- About this task
Once the line containing "This paper introduces" is found in the records below, return it and each following line exactly, up to and including the line containing "Heavy duty nestable", and nothing else.

- Exercise material
------------------------------------

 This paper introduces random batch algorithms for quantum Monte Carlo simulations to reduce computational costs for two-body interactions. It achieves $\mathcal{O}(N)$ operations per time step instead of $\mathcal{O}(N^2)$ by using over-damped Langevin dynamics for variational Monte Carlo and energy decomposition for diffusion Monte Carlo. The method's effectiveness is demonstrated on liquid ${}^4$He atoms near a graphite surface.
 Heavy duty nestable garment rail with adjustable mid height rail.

------------------------------------

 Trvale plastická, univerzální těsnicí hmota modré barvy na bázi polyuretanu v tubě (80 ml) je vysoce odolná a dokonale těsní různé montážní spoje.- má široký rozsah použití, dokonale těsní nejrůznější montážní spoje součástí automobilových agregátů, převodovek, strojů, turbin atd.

------------------------------------

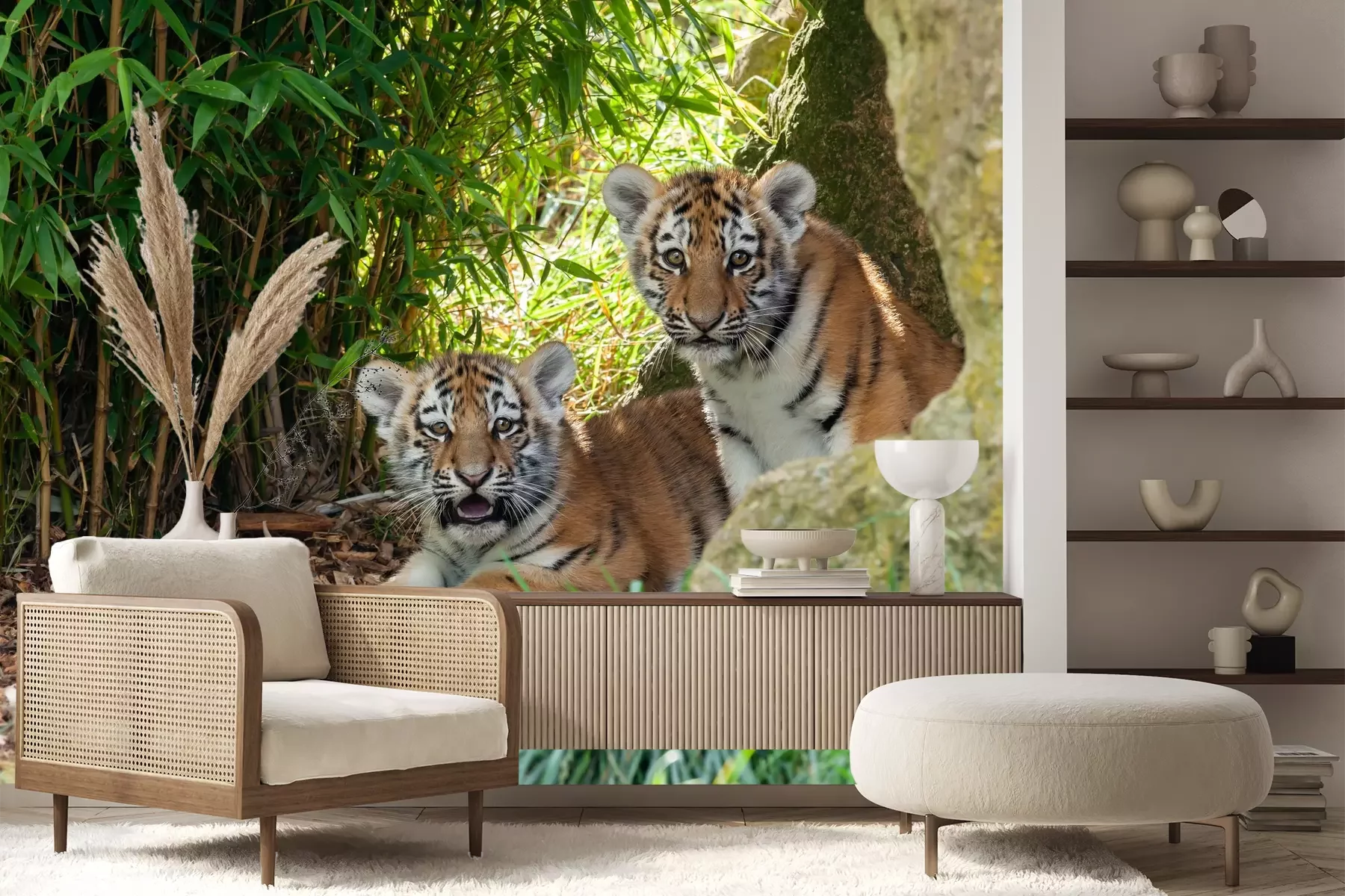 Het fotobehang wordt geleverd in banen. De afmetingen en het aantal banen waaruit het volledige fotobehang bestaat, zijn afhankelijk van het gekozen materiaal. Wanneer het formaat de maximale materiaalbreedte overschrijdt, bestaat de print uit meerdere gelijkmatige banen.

------------------------------------

- Task output
 This paper introduces random batch algorithms for quantum Monte Carlo simulations to reduce computational costs for two-body interactions. It achieves $\mathcal{O}(N)$ operations per time step instead of $\mathcal{O}(N^2)$ by using over-damped Langevin dynamics for variational Monte Carlo and energy decomposition for diffusion Monte Carlo. The method's effectiveness is demonstrated on liquid ${}^4$He atoms near a graphite surface.
 Heavy duty nestable garment rail with adjustable mid height rail.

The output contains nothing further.